ZOE and King's College data science and machine learning teams have been working around the clock to create a machine learning model that uses Symptom Tracker data to predict COVID-19 in the UK. Based on data from the COVID Symptom Tracker app and the assumptions that we lay out below, we estimate that there are a total of 1.9m people in the UK with symptomatic COVID (aged 20-69 only) as of 1st April 2020.
1. Learn which symptoms best predict COVID, based on app users who have been tested
2,932 users of COVID Symptom Tracker both recorded their symptoms and have been tested for COVID, with 1,130 testing positive and 1,802 testing negative. We used machine learning* on this data to learn which symptoms are most predictive of a positive test. The most predictive symptoms, with most important first, were: anosmia (lack of taste & smell), fatigue, shortness of breath, fever and persistent cough.
2. Estimate total number of app users with COVID by applying those rules to all users’ logged symptoms (people who don’t report symptoms are not part of the model)
In total there were 1,626,355 users of COVID Symptom Tracker aged 20-69 who have recorded their symptoms, healthy or not, as of 1st April 2020. We applied the rules learnt from the tested users to estimate that 79,405 out of these total users would be positive if tested (4.9%).
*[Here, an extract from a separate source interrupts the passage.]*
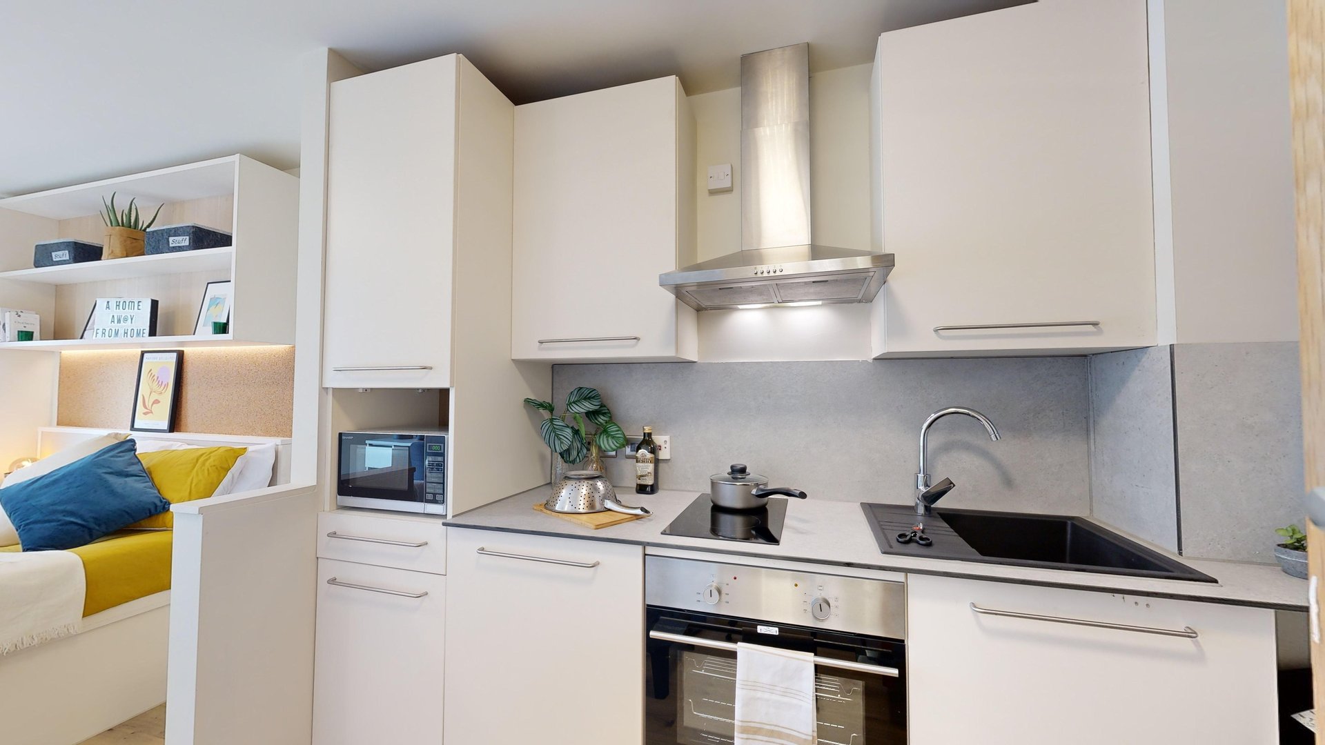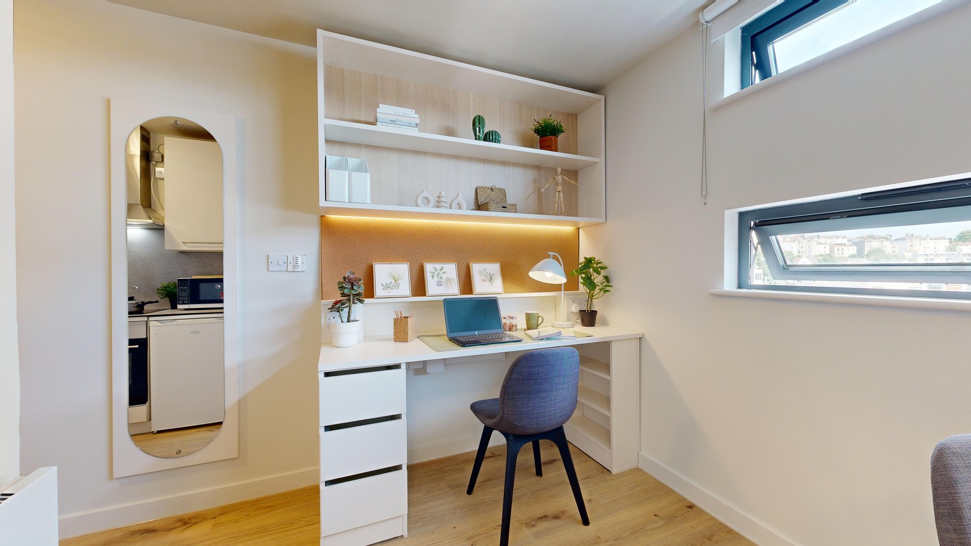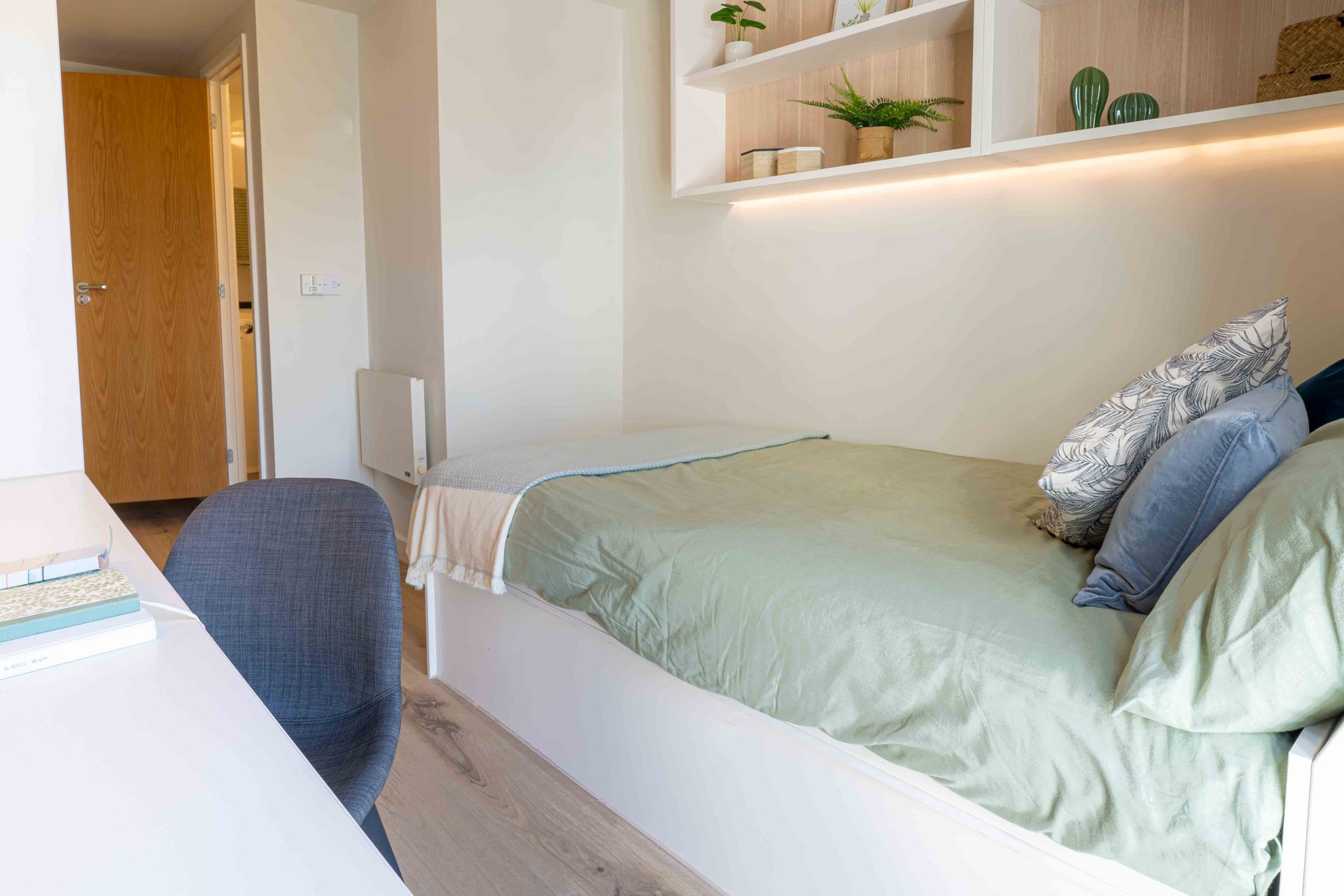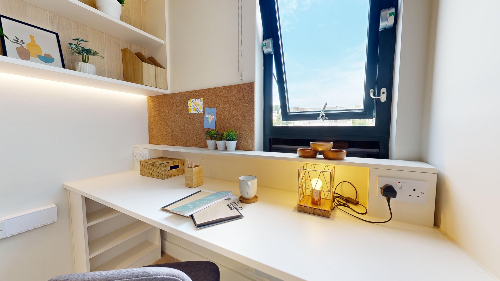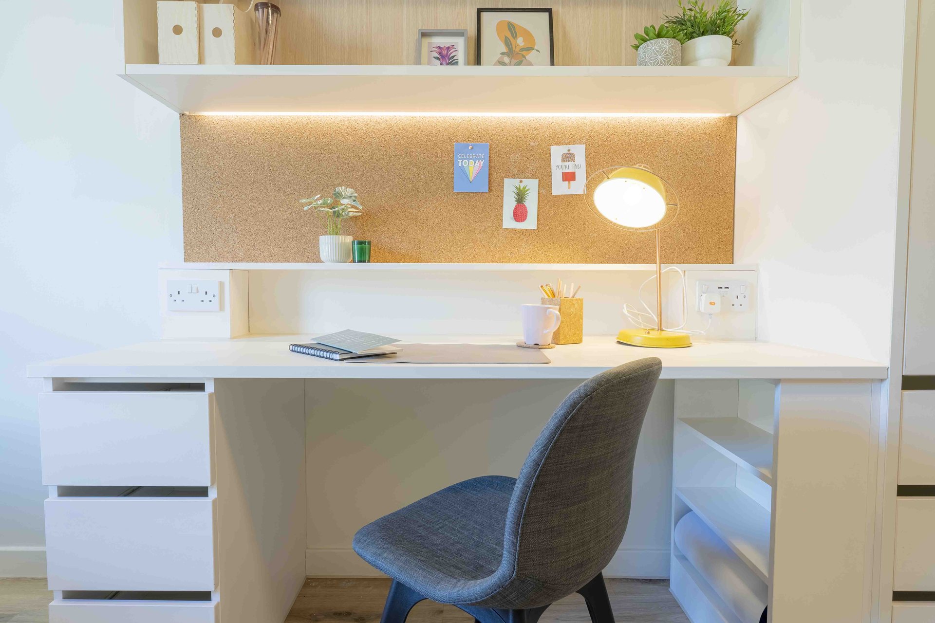 This room has had a makeover. Expect extra lighting, more storage, a new mattress, and additional corkboards to personalise your space. Plus, you'll get new appliances to spice up your kitchen.

3. Extrapolate to the whole UK population from app users, based on region, age & gender proportions
We segmented the whole UK population by location, age-decade and gender. For each such segment, we applied the percentage predicted as positive by our rules amongst app users, and then combined back to a total UK estimate.
Does not include asymptomatic COVID infections: there may be a large additional number of these.
Does not include COVID infections for people aged <20 or >70, since we have too little data logged in the app to model these.
Assumes that tested app users’ symptoms are representative of symptoms for those with positive or negative Covid status in the whole population
Assumes that app users are representative of the whole population within each segment of location, age-decade and gender. This model does not adjust for other demographics or health information.
Assumes healthy and unhealthy people are equally likely to use our app.
Assumes that app users report the severity of their symptoms in the same way.
Assumes no interaction between symptoms in this first logistic regression model.
Does not capture the most serious hospitalised cases well, although these are smaller in number compared to our total estimate.
* Technical model detail: We trained a logistic regression model on app users who had been tested, to learn which symptoms are most predictive of a positive COVID test.
To assess the variability of the model, we trained ten logistic regression models on 80:20 random splits of the data. The mean and standard deviation of the weights for each symptom are given below, with a mean intercept of -1.44 (sd 0.04).
We obtained a mean classification accuracy on the test set of 0.73 (sd 0.01).